Эта «включенность» истории в жизнь проявляется, по мнению Ф.Ницше, в трех формах, на которые, собственно, и распадается само историческое знание: «Во-первых, она принадлежит ему (индивиду – А.М.) как деятелю и стремящемуся вперед, во-вторых, как хранителю и поклоннику, и, в-третьих, как страдающему и нуждающемуся в освобождении. Этой троякости отношения отвечает и троякость рода истории: можно различить род истории монументальной, антикварной и критической»[99].
И если отвлечься от изложения истории в том виде, как она изложена в эссе «О пользе и вреде истории для жизни» (1874) и вспомнить, что Ф.Ницше – этот «Сократ, отдавшийся музыке», «дионисийская пташка», и само бытие «мыслит как «время» во всей его противоречивости и беря само понимание времени как формы внутреннего чувства у А.Шопенгауэра, то приведенная классификация отражает лишь «настоящее», т.е. метафизическое настоящее – Nunc Stans (монументальная история), историю как науку о развитии Г.В.Гегеля (антикварная история) и историю как форму обновления социальных переворотов
 
 
– 46 –
 
(критическая история), лежащую в основании социалистических учений. Сам же Ф.Ницше, следуя за А.Шопенгауэром, исследует только монументальный вид истории. Именно А.Шопенгауэр, по мнению Ф.Ницше, наиболее точно выразил ту музыку бытия, которая осталась скрытой для представителей просвещенческой философии. А.Шопенгауэр писал: «Всегда и повсюду истинной эмблемой природы является круг, потому что он схема возвратного движения»[100].

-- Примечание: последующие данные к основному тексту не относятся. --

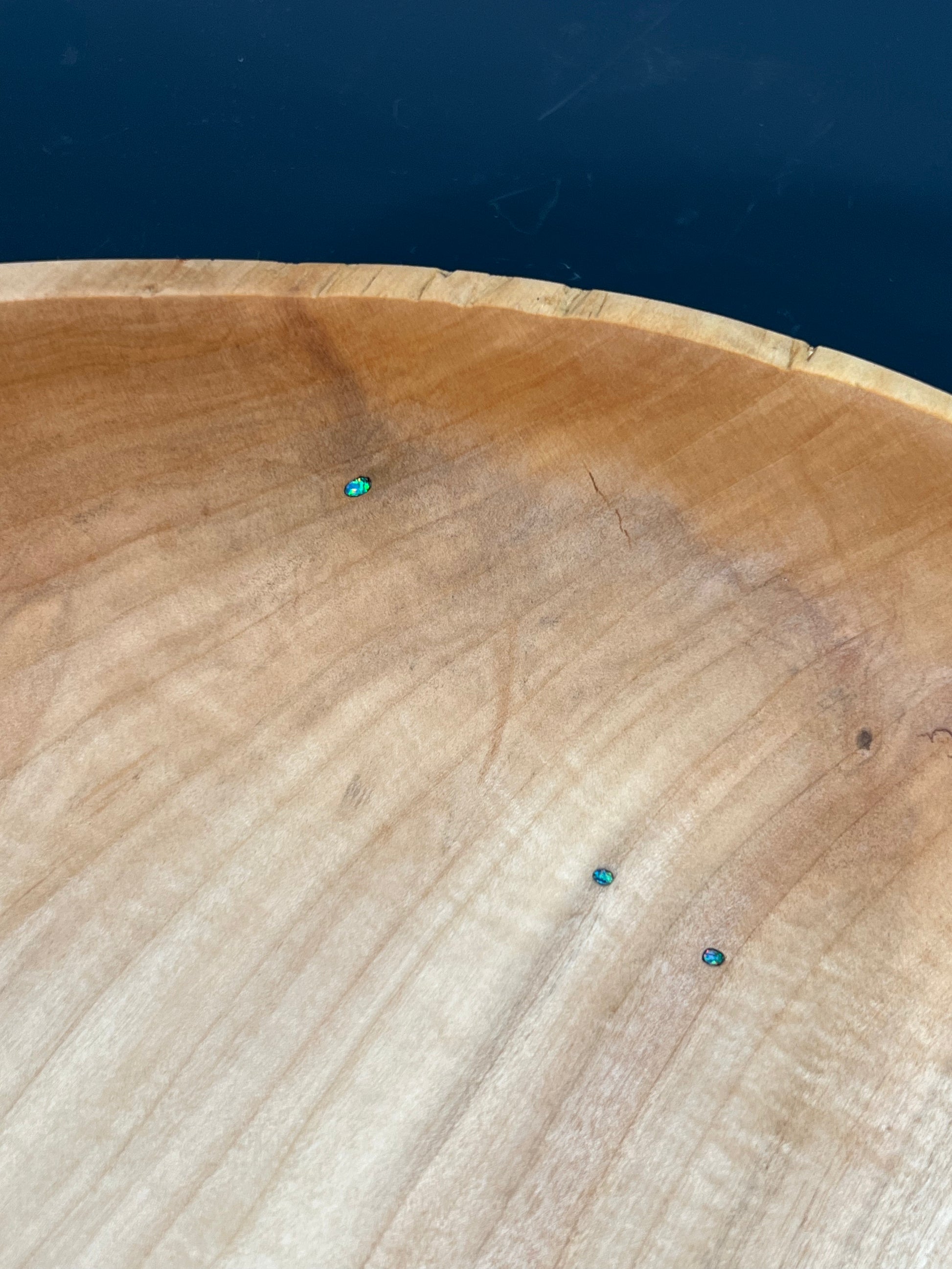 This 17” spalted maple salad bowl took a hard fall onto a brick pathway at a show in Pensacola. That provided an opportunity to do a kintsugi style repair on it. In Japanese tradition, broken pottery is mended with gold (the word literally means “golden repair”) In this case, I used turquoise along with opal in smaller “defects”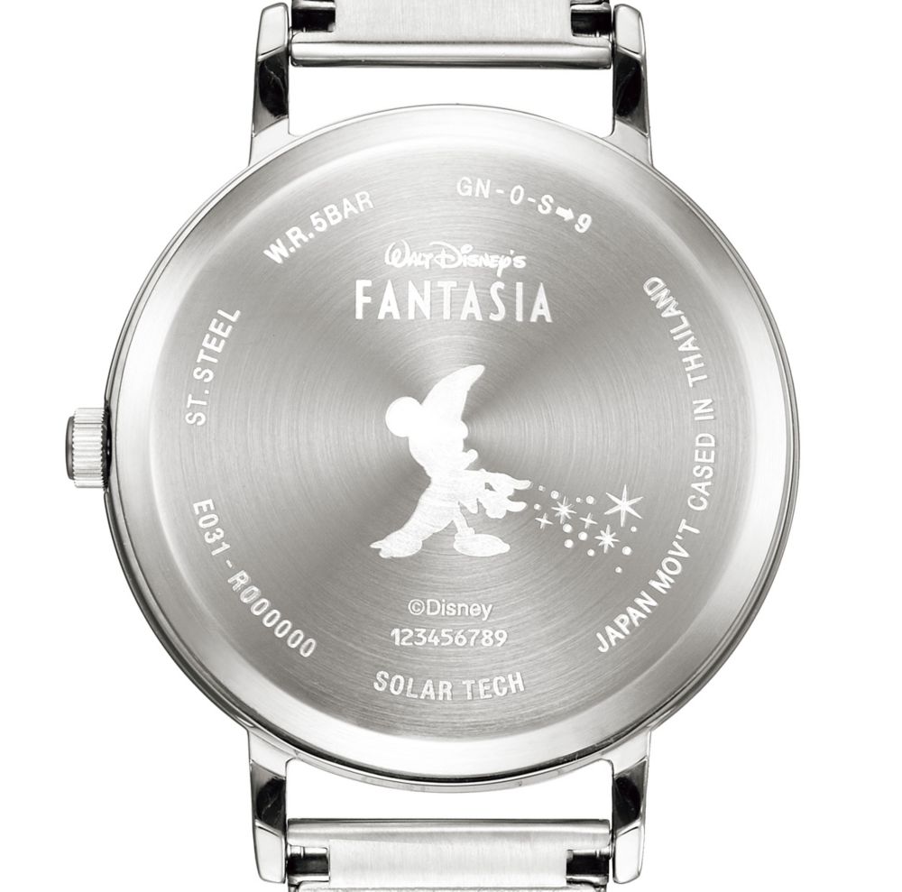 裏ぶたには魔法をかけるミッキーのシルエットを刻印。ペアにして並べると、ミッキーがかけた魔法がお互いの文字板を彩っていくようなデザインになっています。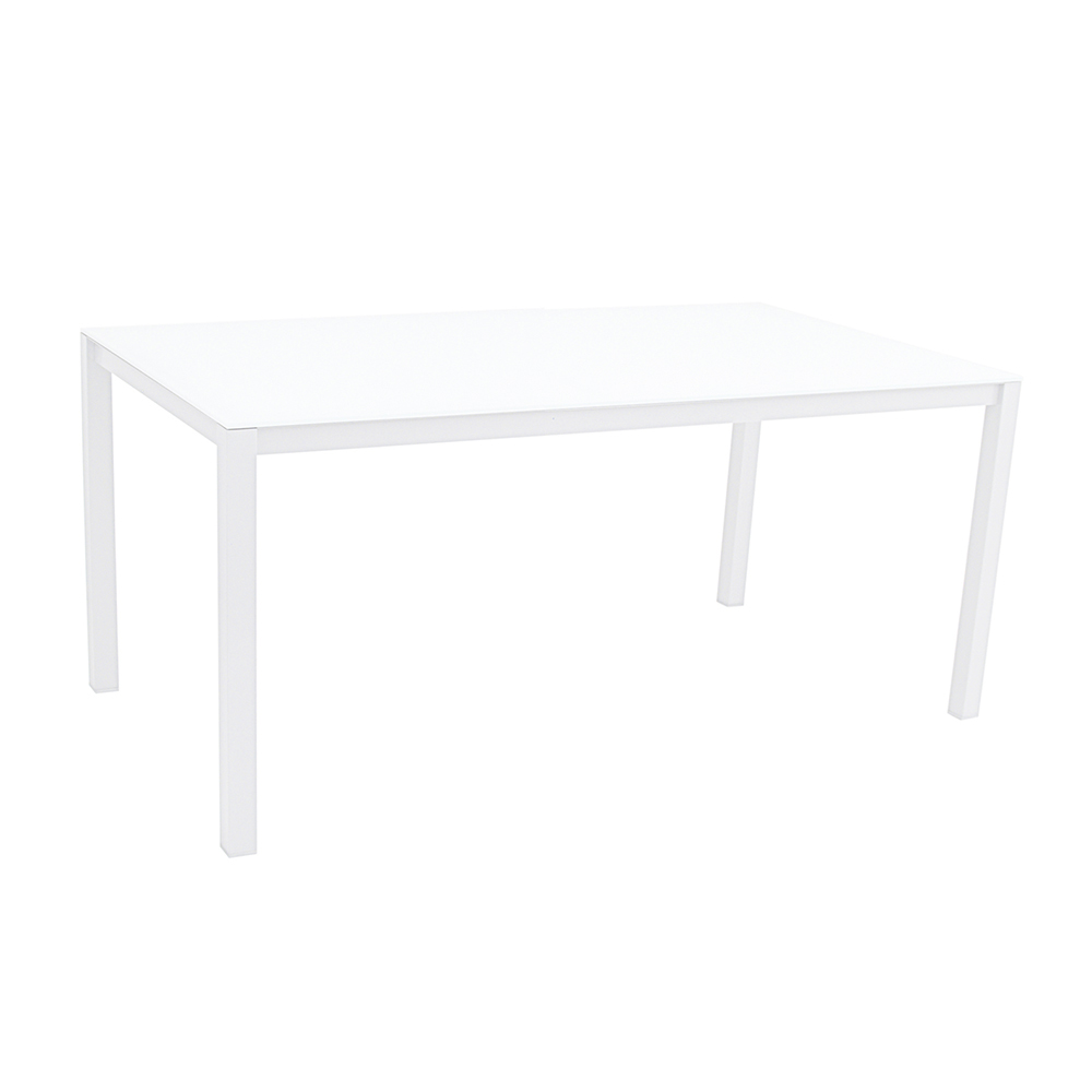 Garten-Esstisch mit epoxidpulverbeschichteter Aluminiumstruktur und rückseitig lackierter Glasplatte

Заимствованная из философии истории древних циклическая возвратная схема времени у А.Шопенгауэра, только намечаясь, в философии Ф.Ницше разрастается в метафизическую физикализированную концепцию «вечного возвращения того же самого», на данном этапе развития выступающая только как монументальная история. Являясь отражением «вневременного» «настоящего», монументальная история объединяет в себе, как пишет Ф.Ницше, «...все великие моменты в борьбе единичных личностей образуют цепь. Они – непрерывный мост в тысячелетних стремлениях человечества к высшему, и это с одной стороны. С другой – само «возвратное движение» времени вселяет в человека надежду на то, что, – в конце концов, то, что однажды уже было возможно, может представляться возможным вторично лишь в том случае, если пифагорейцы были правы, думая, что при известном положении небесных светил на земле должно снова повториться все то же самое, до мельчайших подробностей, так что, если звезды снова примут известное положение, то стоик объединится с эпикурейцем и убьет Цезаря и снова, при прежнем положении звезд, Колумб откроет Америку»[101]. И никакого прогресса, и никакого поступательного развития истории, а только все это вечное повторение: «стоик с эпикурейцем убьет», «Колумб откроет» – такое представление об истории, которое предлагает Ф.Ницше, превращает в пошлость рутину и само «убьет» и «откроет».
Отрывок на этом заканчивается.